Sign the the joint Campaign for America's Future-Daily Kos petition to stop Summers: "Over a hundred thousand people have already sent a message to the President rejecting his nomination."

Women's groups rally behind Yellen. Politico: "...the groups have had representatives and donors voice concerns with the offices of at least 9 Democratic senators ... More visits are planned when Congress returns in September and the National Organization for Women will launch a grass-roots campaign to activate their more than 500,000 members nationwide through emails and phone calls."

The Dream Marches On

Obama says economic opportunity is where we have "fallen most short" since the March. Roll Cal quotes: "We can continue down our current path in which the gears of this great democracy grind to a halt and our children accept a life of lower expectations, where politics is a zero-sum game, where few do very well, while struggling families of every race fight over a shrinking economic pie. That’s one path. Or we can have the courage to change. The March on Washington teaches us that we are not trapped by the mistakes of history; that we are masters of our fate."

But Obama's address amounted to a missed opportunity, argues OurFuture.org's Isaiah J. Poole: "Once again, Obama gave a speech that hit many of the right themes but failed to light a fire because its chemistry was not up to the demands of the moment. He correctly acknowledged that we are far from the goals of economic justice and equality that King set forth. But the call to arms against the forces responsible for such realities as the gap between blacks and whites on employment and wealth needed a sharper edge to cut through Washington’s coagulated politics."

MLK wanted a guaranteed middle-class income for all, reminds The Atlantic's Jordan Weissman: "Washington's previous efforts to fight poverty, he concluded, had been 'piecemeal and pygmy.' ... 'the programs of the past all have another common failing -- they are indirect. Each seeks to solve poverty by first solving something else.' ... King argued that the guaranteed income be 'pegged to the median of society,' and rise automatically along with the U.S. standard of living ... Was it feasible? Maybe. He noted an estimate by John Kenneth Galbraith that the government could create a generous guaranteed income with $20 billion, which, as the economist put it, 'not much more than we will spend the next fiscal year to rescue freedom and democracy and religious liberty as these are defined by "experts" in Vietnam.'"
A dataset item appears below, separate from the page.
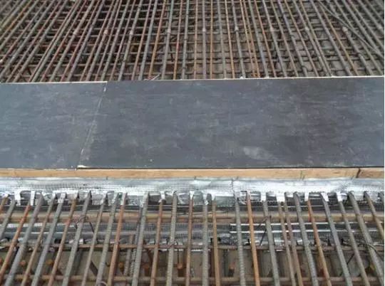 2、現澆板后澆帶模板上部側口模板與鋼筋位置鋸槽吻合,安裝牢固,或采用鋼絲(板)網支設牢固,上口兩側加設木方,并用木模板整體封閉、保護,直到砼澆筑時打開。

Spirit of March continues in today's nationwide fast-food strikes. The Nation's Allison Kikenny: "Organizing against low-paying jobs at fast food restaurants began last November in New York when hundreds of workers went on strike in a one-day protest. By the summer, the movement expanded to include thousands of workers across the country in cities like Detroit, Chicago and Kansas City. This time around, workers in places like Los Angeles, Milwaukee, Memphis and Raleigh plan on getting involved with backing from the Service Employees International Union (SEIU)."

WH Meets With GOP On Budget

Bipartisan deficit deal talks resume. NYT: "...a group of Republican senators will resume talks on Thursday with senior presidential advisers at the White House after a lapse that has lasted weeks ... Neither side expressed optimism in interviews, with talks snagged on the same issues that killed past bipartisan efforts: Republicans’ demands for deeper Medicare cuts and President Obama’s insistence that they, in return, agree to higher taxes on the wealthy and some corporations."

"Nearly 20 Percent Of Scientists Contemplate Moving Overseas Due In Part To Sequestration" reports HuffPost.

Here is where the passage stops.